In open-loop PLC control, the controller sends a fixed output signal based on a predefined instruction, without checking whether the desired result was actually achieved. The system operates in one direction only: input goes in, output comes out, and no measurement is taken to verify the outcome. This makes open-loop control simple, fast, and predictable in stable environments.
A practical example is a conveyor belt that runs at a set speed for a fixed duration. The PLC sends the “run for 30 seconds” command and moves on. It does not check whether the belt actually moved, whether a jam occurred, or whether the load affected the speed. The instruction is executed once, and the system assumes the result is correct.
Open-loop systems work well when the process is consistent and disturbances are minimal. They are commonly used in timing-based operations, simple actuator control, and processes where the output is highly predictable. The trade-off is that any deviation from expected conditions goes undetected and uncorrected.
How does closed-loop PLC control use feedback?
Closed-loop PLC control uses sensor feedback to continuously compare the actual process output against a desired setpoint, and adjusts the control signal in real time to eliminate any difference. This feedback loop allows the system to self-correct, compensating for disturbances, load changes, or environmental variation without manual intervention.
The core mechanism works in three steps: the PLC issues a control signal, a sensor measures the actual result, and the PLC calculates the error between the setpoint and the measured value. It then adjusts the output to reduce that error. This cycle repeats continuously throughout operation.
The most common implementation of feedback control in industrial PLC systems is the PID controller, which stands for Proportional, Integral, and Derivative. Each component handles a different aspect of the correction:
- Proportional: Responds to the current size of the error
- Integral: Addresses accumulated error over time to eliminate steady-state offset
- Derivative: Anticipates future error based on the rate of change
Together, these three elements allow a closed-loop PLC system to maintain precise, stable control even as conditions change around it.
What are the main differences between open-loop and closed-loop control?
The main difference between open-loop and closed-loop PLC control is feedback. Open-loop systems execute commands without measuring outcomes, while closed-loop systems continuously monitor results and adjust accordingly. This single distinction drives nearly every practical difference in performance, complexity, and application suitability.
Here is a direct comparison of the two approaches:
- Feedback: Open-loop has none; closed-loop relies on it entirely
- Self-correction: Open-loop cannot compensate for disturbances; closed-loop corrects automatically
- Complexity: Open-loop is simpler to design and commission; closed-loop requires tuning and sensor integration
- Accuracy: Open-loop is sufficient for predictable processes; closed-loop is necessary where precision matters
- Cost: Open-loop is lower cost upfront; closed-loop requires additional sensors and programming effort
- Stability risk: Open-loop is inherently stable; closed-loop can become unstable if poorly tuned
Neither approach is universally better. The right choice depends on the nature of the process, the acceptable margin of error, and the variability of operating conditions.

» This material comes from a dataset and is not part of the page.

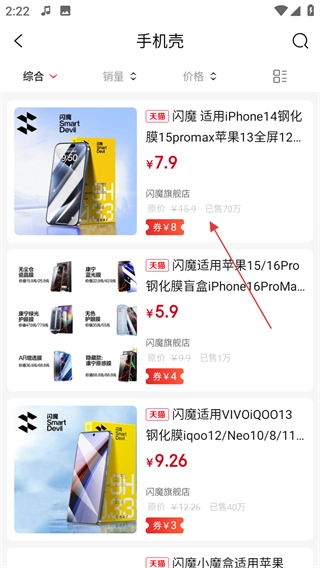在数码分类页面,点击手机壳选项,即可进入手机壳商品列表页面。

When should you use open-loop instead of closed-loop control?
Open-loop control is the better choice when the process output is highly predictable, disturbances are negligible, and the cost of adding feedback would outweigh its benefits. It is appropriate for simple, repeatable tasks where the relationship between input and output is well understood and consistent.
Common scenarios where open-loop PLC control is a practical and effective choice include:
- Fixed-time operations such as timers, delays, and sequenced steps
- On/off control of actuators where position feedback is not required
- Processes with stable loads and predictable environmental conditions
- High-speed switching applications where feedback would introduce latency
- Low-stakes auxiliary functions where minor deviations are acceptable
When conditions are variable, when precision is critical, or when the process involves dynamic loads, closed-loop control becomes necessary. The decision often comes down to whether the cost of an error, in quality, safety, or waste, justifies the added investment in feedback infrastructure.
What happens when closed-loop PLC control is poorly tuned?
When closed-loop PLC control is poorly tuned, the system either overreacts or underreacts to deviations from the setpoint, causing instability, oscillation, or persistent steady-state error. Poor tuning is one of the most common sources of performance problems in industrial feedback control systems and can lead to product quality issues, equipment wear, and in serious cases, unsafe operating conditions.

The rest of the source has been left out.